Map of Catchments 14 and 15 within the Archer Creek Catchment of the Arbutus Lake watershed in the Central Adirondack Mountains, New York

Table 1

X-ray diffraction data from individual soil samples collected in 2002 from Catchments 14 and 15

Catchment

Depth (cm)

Quartz

Plagioclase

K-feldspar

Amphibole

Pyroxene

Di-clay

Chlorite

Total

14

15

33.7

12.8

18.2

3.4

15.0

7.7

4.0

94.8

14

50

22.0

14.4

24.1

4.8

22.2

4.1

7.9

99.5

15

15

20.9

16.0

15.5

6.2

5.0

2.5

66.1

15

50

18.8

16.4

13.7

4.9

4.9

0.5

59.2

Data are percentages (Watmough et al. 2005; Watmough, pers. commun.)

Sampling

Vegetation surveys were conducted during summer 2002. Each catchment was divided into a grid of 20 × 20 m plots and six horizontal 20-m transects (two lower, two middle, two upper slope) were randomly selected for vegetation sampling. Within these transects, the species and diameter at 1.4 m above the ground (d.b.h.) were recorded for every tree ≥5 cm in diameter.

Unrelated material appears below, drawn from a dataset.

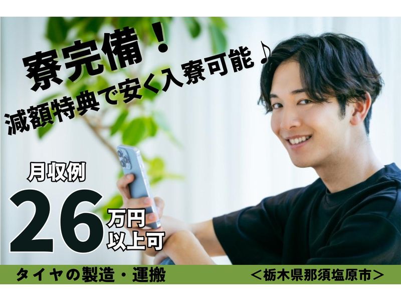 仕事内容 【 応募から2週間程度で内定可能! 】 《 ここがポイント! 》 ◎社員寮あり、入寮応相談 ◎月収26万円以上可能 ◎20~30代男性活躍中の安定現場! 《 仕事内容 》 自動車やバイクのタイヤ製造工場での製造・運搬作業です。 原材料、部品、製品(10~20kg)を各工程へバッテリーカーで運搬します。 【 担当業務 】 ●運搬 …加工・成型・検査工程へ供給 ●加工・製造 …ミキサーでのゴム混合、ナイロン補充・マシン補助 ●裁断・成型 …サイズに合わせ裁断・加熱(ボタン操作) ●検査 …1本ずつ品質チェック(硬さ・亀裂など) その他、機械操作や補助作業もあります。 《 体力自慢におすすめ! 》 身体を動かす仕事で健康的!体力も付けられます。 《 黙々と仕事を進める工場! 》 イレギュラー対応なし!集中型の作業が得意な方に最適。 《 熱中症対策しています! 》 スポットクーラー・電動空調ベスト支給・ドリンク支給あり! 《 寮費減額あり 》 寮費15,000円減額(規定あり)。 家具家電付き1K寮あり。 《 充実の工場周辺 》 周辺にコンビニやスーパーあり!生活も便利♪

Leaf litter was collected from 10 2 × 2 m nets suspended approximately 2 m above the ground in each catchment during autumn 2003. Samples from five nets in the upper half and five nets in the lower half were pooled separately yielding two aggregate collections per catchment. After collection, leaves were air-dried, sorted by species, and sub-samples were ground in a Wiley Mill® using a #20 (0.85 mm) screen. Samples were analyzed for cation concentrations and Ca isotopes using the procedures given below.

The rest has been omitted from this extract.